William Tell (Wilhelm Tell, /de/) is a drama written by the German playwright and philosopher Friedrich Schiller in 1804. The story focuses on the legendary Swiss marksman William Tell as part of the greater Swiss struggle for independence from the Habsburg Empire in the early 14th century. Gioachino Rossini's four-act opera Guillaume Tell was written to a French adaptation of Schiller's play.

== Composition ==
The play was written by Friedrich Schiller between 1803 and 1804, and published that year in a first edition of 7000 copies. Since its publication, Schiller’s William Tell has been translated into many languages.

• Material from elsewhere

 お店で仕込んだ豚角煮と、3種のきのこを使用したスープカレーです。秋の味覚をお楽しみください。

Friedrich Schiller (who had never been to Switzerland, but was well informed, being a historian) was inspired to write a play about the legendary Swiss marksman William Tell by his wife Lotte, who knew the country from her personal experience. After his friend, Johann Wolfgang Goethe, had returned from his second journey to the Lake of Lucerne in 1779, Schiller started collecting sources.

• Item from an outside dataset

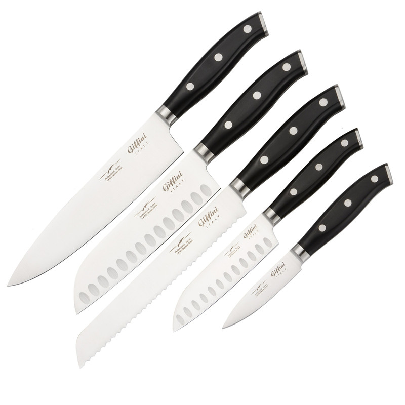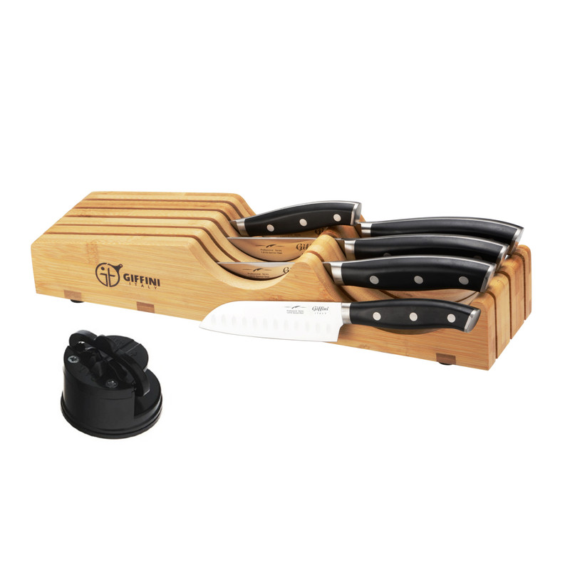 -تیز شده توسط لیزر بسیار دقیق -جنس تیغه ها عالی و بسیار تیز میباشد -دسته و بدنه یک تکه و سرهم میباشد و امکان جدا شدن را هرگز ندارد. - پایه قابل شستشو میباشد. -کاردها ساخت شرکت GIFFINI میباشد شامل : - چاقو برش سایز ۱: طول کلی ۱۹.۵، طول تیغه ۸.۲ سانتیمتر - چاقو برش نان: طول کلی ۳۲، طول تیغه ۱۹ سانتیمتر - چاقو برش سایز ۳: طول کلی ۲۳، طول تیغه ۱۱.۵ سانتیمتر - چاقوی سرآشپز: طول کلی ۳۲، طول تیغه ۱۹ سانتیمتر -چاقوی برش سایز ۴:طول کلی۲۸.طول تیغه ۱۹ سانتی متر - -پایه کارد درجه1 -.مناسب برای قراردان داخل کشو کابینت و روی اپن یا کانتر-یک چاقو تیزکن رومیزی

Most of Schiller’s information about the history of the Swiss Confederation is drawn from Aegidius Tschudi’s Chronicon Helveticum (Latin: ‘Swiss Chronicle’), Johannes von Müller’s History of the Swiss Confederation (German: Geschichten Schweizerischer Eidgenossenschaft), as well as two chronicles of Petermann Etterlin and Johannes Stumpf.

== Synopsis ==
The fateful enmity of the tyrant Gessler, Governor of the Swiss cantons, and William Tell, an obscure huntsman, begins during a tempest on Lake Lucerne when Tell braves the angry waves to row to safety a peasant who is pursued by the Governor's horsemen. "The lake may take pity on him; but the Governor, never," says Tell.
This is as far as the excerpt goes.